Exercise: For the data below, give again exactly the lines from the one containing "Tento prsten evokuje" through the one containing "Great crafting spot", both ends included, and no others.

Materials provided:

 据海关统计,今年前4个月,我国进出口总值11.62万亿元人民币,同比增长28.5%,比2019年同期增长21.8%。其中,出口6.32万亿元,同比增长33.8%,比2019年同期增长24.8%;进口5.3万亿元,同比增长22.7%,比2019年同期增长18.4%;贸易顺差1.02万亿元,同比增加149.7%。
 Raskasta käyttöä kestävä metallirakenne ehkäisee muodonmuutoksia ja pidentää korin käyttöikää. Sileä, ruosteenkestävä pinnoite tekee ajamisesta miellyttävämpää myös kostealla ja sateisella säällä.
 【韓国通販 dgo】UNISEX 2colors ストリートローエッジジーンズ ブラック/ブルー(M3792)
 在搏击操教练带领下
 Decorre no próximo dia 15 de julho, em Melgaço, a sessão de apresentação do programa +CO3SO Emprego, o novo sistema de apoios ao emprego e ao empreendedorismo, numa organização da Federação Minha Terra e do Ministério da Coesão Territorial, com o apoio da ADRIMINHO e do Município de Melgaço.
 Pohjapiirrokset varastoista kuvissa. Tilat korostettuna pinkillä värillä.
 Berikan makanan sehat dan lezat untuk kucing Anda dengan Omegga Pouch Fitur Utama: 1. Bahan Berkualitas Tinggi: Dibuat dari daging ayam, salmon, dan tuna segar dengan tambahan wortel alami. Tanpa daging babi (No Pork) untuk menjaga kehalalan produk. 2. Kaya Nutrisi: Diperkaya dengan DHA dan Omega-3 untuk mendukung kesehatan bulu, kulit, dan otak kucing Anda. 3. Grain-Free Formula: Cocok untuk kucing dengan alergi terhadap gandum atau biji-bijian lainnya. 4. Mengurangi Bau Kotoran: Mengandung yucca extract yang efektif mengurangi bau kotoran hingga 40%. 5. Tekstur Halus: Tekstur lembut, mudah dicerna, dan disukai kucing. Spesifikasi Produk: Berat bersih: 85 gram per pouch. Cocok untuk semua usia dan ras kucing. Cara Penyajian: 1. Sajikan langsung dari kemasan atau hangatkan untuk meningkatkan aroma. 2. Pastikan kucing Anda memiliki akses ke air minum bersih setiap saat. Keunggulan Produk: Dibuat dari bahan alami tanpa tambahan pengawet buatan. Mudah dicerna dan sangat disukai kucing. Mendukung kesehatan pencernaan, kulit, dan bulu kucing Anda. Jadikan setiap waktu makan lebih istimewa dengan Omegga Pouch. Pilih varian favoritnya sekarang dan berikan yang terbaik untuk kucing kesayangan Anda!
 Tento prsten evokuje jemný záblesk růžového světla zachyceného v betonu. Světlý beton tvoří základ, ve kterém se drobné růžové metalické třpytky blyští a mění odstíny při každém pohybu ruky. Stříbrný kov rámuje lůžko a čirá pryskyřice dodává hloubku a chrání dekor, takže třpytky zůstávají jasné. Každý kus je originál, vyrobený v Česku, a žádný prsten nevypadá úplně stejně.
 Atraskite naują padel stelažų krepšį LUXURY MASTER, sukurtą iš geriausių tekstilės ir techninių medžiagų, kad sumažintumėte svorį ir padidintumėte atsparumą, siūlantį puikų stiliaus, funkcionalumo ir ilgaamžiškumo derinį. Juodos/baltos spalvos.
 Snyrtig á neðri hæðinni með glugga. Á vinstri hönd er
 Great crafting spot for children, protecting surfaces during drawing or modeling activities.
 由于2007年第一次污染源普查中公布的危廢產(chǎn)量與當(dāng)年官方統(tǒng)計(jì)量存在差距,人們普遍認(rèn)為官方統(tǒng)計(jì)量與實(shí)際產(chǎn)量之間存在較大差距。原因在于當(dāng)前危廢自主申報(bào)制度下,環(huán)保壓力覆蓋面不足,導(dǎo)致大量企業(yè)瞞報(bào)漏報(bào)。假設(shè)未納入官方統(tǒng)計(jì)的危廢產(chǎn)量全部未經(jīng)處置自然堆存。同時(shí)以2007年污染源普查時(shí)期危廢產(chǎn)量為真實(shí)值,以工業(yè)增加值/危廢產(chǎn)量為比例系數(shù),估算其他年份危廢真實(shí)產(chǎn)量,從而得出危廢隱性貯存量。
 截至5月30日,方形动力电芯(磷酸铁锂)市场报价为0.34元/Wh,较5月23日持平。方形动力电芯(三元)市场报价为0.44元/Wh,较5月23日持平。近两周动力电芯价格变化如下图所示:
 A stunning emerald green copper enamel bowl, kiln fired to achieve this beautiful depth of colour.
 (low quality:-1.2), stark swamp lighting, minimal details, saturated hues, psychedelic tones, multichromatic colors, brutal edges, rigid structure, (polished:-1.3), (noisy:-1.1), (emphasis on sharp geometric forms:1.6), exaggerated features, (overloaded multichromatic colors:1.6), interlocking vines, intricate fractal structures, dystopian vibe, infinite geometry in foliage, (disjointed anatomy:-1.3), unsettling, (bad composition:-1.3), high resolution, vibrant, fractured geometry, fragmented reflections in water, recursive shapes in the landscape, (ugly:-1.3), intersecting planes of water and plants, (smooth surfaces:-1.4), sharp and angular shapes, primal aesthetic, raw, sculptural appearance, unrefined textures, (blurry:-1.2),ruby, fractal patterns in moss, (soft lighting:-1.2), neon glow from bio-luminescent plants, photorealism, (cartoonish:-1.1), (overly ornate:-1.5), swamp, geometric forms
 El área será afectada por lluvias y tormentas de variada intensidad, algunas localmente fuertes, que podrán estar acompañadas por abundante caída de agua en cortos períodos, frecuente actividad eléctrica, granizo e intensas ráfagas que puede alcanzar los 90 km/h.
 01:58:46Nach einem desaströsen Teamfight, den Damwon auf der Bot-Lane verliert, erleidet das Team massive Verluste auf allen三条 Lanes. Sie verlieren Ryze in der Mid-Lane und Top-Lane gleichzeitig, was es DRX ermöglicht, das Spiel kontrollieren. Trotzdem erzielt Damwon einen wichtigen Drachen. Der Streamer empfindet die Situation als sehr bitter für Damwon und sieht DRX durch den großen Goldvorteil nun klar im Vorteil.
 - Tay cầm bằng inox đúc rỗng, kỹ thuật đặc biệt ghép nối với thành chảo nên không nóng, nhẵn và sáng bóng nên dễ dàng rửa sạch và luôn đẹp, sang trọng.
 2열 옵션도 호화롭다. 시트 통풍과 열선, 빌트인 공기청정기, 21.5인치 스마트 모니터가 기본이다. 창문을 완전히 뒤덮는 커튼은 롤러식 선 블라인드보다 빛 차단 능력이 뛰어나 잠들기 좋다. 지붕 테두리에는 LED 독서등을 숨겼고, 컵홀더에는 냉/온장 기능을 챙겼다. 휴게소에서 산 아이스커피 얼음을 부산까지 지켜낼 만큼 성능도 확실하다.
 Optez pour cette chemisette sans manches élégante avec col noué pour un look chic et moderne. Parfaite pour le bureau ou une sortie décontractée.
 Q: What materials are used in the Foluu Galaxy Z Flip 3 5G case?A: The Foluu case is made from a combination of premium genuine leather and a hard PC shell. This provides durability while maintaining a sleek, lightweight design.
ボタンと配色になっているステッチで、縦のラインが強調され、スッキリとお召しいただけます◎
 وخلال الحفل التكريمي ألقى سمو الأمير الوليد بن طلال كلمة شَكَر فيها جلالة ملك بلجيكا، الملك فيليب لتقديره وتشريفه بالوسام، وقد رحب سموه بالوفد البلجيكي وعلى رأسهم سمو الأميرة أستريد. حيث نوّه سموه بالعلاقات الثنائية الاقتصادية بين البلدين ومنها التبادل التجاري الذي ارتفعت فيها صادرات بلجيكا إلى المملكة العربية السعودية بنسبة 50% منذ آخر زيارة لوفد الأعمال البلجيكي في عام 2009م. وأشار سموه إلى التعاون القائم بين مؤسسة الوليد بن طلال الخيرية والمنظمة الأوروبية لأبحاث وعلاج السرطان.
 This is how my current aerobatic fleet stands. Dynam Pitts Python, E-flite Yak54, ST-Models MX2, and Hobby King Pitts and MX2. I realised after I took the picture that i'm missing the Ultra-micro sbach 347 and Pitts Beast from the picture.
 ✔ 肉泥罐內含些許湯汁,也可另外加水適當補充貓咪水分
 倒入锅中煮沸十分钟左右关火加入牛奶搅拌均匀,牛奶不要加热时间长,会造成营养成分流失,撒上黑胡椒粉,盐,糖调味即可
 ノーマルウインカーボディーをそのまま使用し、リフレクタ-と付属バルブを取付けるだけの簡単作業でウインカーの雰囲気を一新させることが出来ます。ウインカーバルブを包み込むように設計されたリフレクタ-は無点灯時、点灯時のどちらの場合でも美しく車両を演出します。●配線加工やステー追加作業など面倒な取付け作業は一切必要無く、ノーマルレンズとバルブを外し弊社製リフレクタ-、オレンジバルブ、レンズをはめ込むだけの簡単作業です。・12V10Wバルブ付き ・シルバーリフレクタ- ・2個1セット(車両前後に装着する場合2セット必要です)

Written reply:
 Tento prsten evokuje jemný záblesk růžového světla zachyceného v betonu. Světlý beton tvoří základ, ve kterém se drobné růžové metalické třpytky blyští a mění odstíny při každém pohybu ruky. Stříbrný kov rámuje lůžko a čirá pryskyřice dodává hloubku a chrání dekor, takže třpytky zůstávají jasné. Každý kus je originál, vyrobený v Česku, a žádný prsten nevypadá úplně stejně.
 Atraskite naują padel stelažų krepšį LUXURY MASTER, sukurtą iš geriausių tekstilės ir techninių medžiagų, kad sumažintumėte svorį ir padidintumėte atsparumą, siūlantį puikų stiliaus, funkcionalumo ir ilgaamžiškumo derinį. Juodos/baltos spalvos.
 Snyrtig á neðri hæðinni með glugga. Á vinstri hönd er
 Great crafting spot for children, protecting surfaces during drawing or modeling activities.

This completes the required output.